- [Try it] Although the records contain pictures, none belong in the copy: restate word for word only the lines from the one with "Gezien: brandweer bevrijdt" through the one with "Sedia inginocchiatoio in", both included.

- [Supplied data]
···

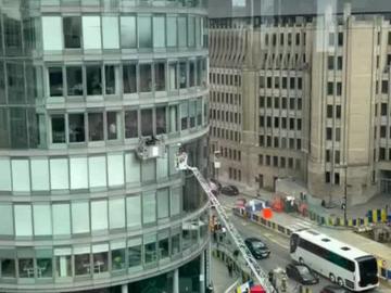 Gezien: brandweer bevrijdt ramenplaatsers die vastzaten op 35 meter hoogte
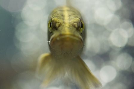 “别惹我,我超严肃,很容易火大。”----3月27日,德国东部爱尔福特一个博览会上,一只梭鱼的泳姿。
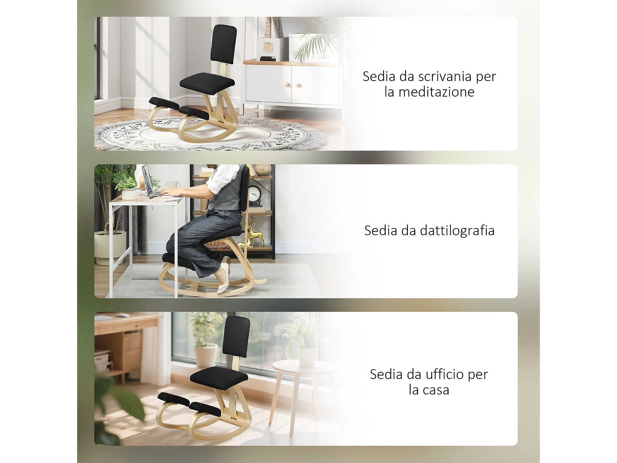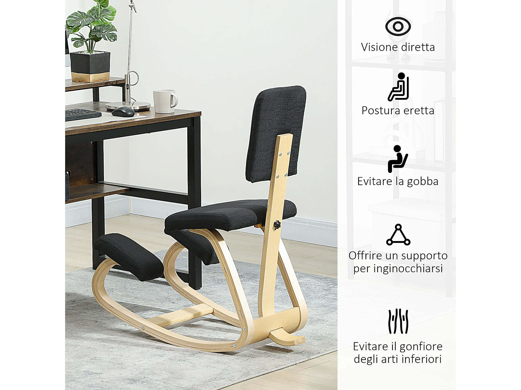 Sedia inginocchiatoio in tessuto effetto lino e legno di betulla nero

···

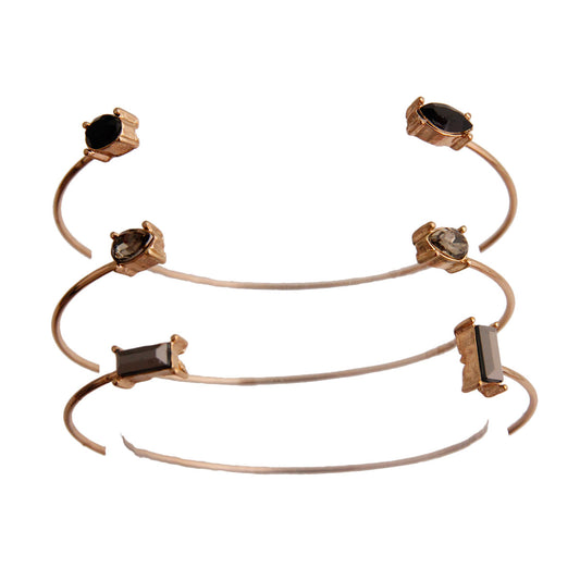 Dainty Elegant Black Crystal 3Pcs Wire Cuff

···

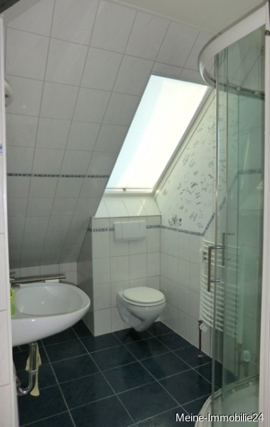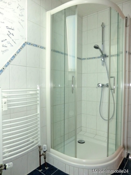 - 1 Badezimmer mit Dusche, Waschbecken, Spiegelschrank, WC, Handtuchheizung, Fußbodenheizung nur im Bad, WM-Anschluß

···

- [Response]
 Gezien: brandweer bevrijdt ramenplaatsers die vastzaten op 35 meter hoogte
 “别惹我,我超严肃,很容易火大。”----3月27日,德国东部爱尔福特一个博览会上,一只梭鱼的泳姿。
 Sedia inginocchiatoio in tessuto effetto lino e legno di betulla nero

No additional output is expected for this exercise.